UrlScan v3.0 Beta Release

The IIS team has some street smarts when it comes to security.

We learned quite a few lessons the hard way back in 2001 with the outbreak of the CodeRed worm.  One of the lesser known facts about the Code Red worm is that the vulnerability it exploited was not actually in IIS itself.  It was an application that ran on top of IIS.  Since that application was distributed with IIS and was installed by default, this distinction did not matter to our customers.  IIS and CodeRed became associated with each other.

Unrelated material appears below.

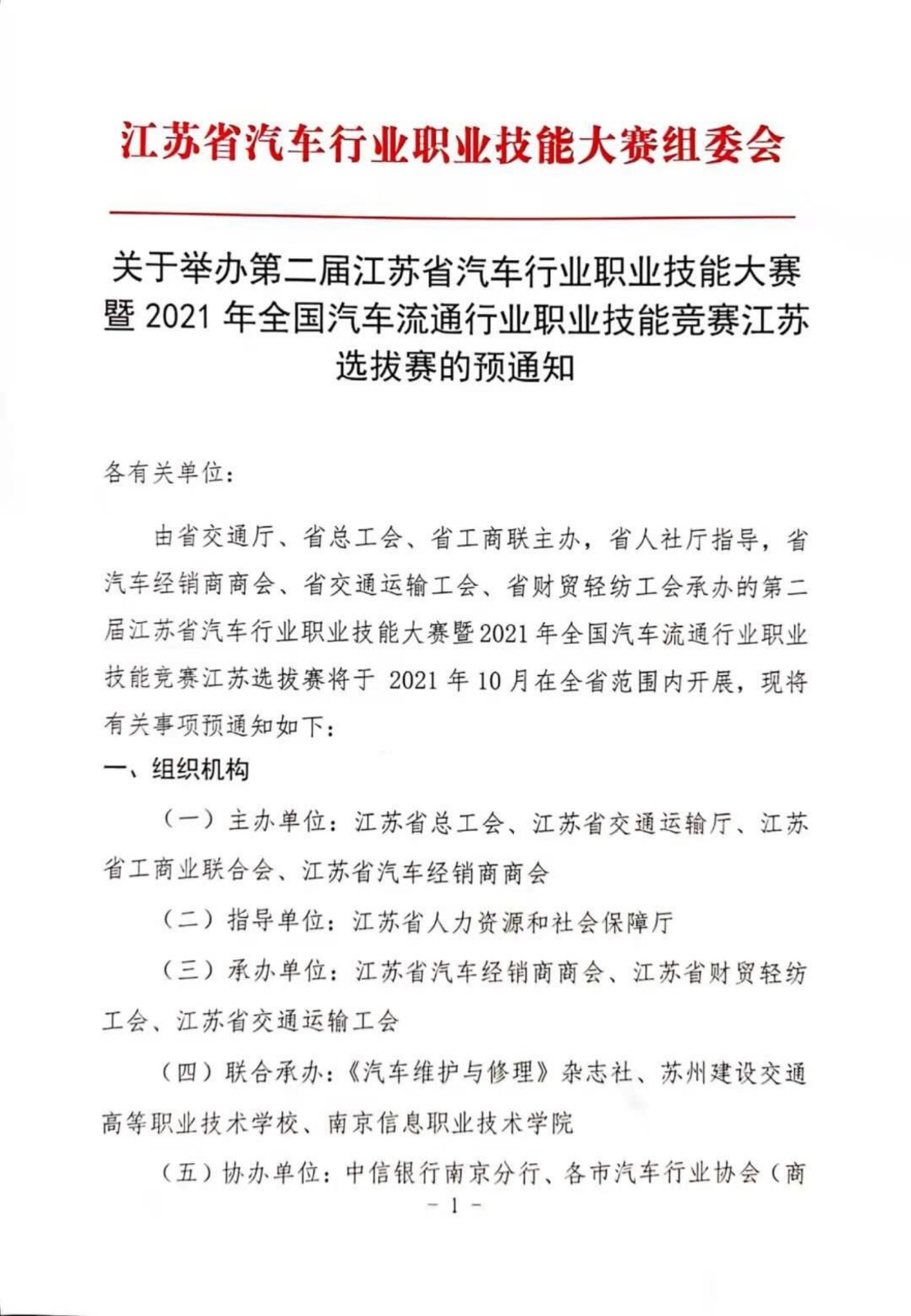 关于举办第二届江苏省汽车行业职业技能大赛暨2021年全国汽车流通行业职业技能竞赛江苏省选拔赛的预通知
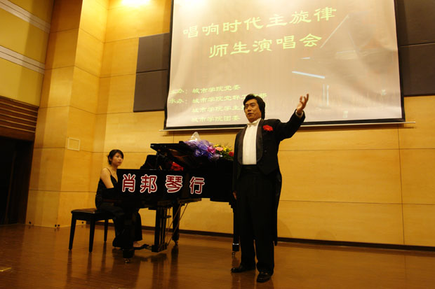 的著名钢琴专业教师谷月和石峰担任钢琴伴奏。本场音乐会分上下两部分,上半场赵岩老师在不用任何扩音设备的情况下为大家演唱了七支曲目,让大家感受最自然,最浑厚的声音魅力。《祖国慈祥的母亲》、《大江东去》、《思恋黄河》、《夕阳红》等曲目,尽管没有用扩音设备,他的声音仍然响彻在报告厅的每一个角落,给大家带来心灵的震撼和艺术的享受,充分展现出他浑厚圆润的音色、宽广的音韵、较高的艺术修养和较深的功底。

When we designed IIS 6, we took on the challenge of creating an environment to protect the server from vulnerabilities in applications we host.  Our steps to address this issue ranged from not installing any applications (or even IIS itself) by default on a server, to providing a low privileged environment to minimize damage should a vulnerability be found.  We also took a hard look at our engineering practices and changed the way we did things to minimize the chances for serious bugs in the IIS core code.

Our application of these lessons has withstood the test of time, with IIS 6 being recognized as one of the most secure server products ever released.  We've applied the same principles to IIS 7 - and even extended them.

But back in 2001, IIS 5 was the current version of the web server and we needed to address the issues without waiting for the next IIS release.  To do this, we released a set of tools with The IIS Lockdown Tool.  This package included tools to go over configuration settings across IIS and set them to secure values appropriate to the applications running on the web server.  It also included a runtime tool called UrlScan.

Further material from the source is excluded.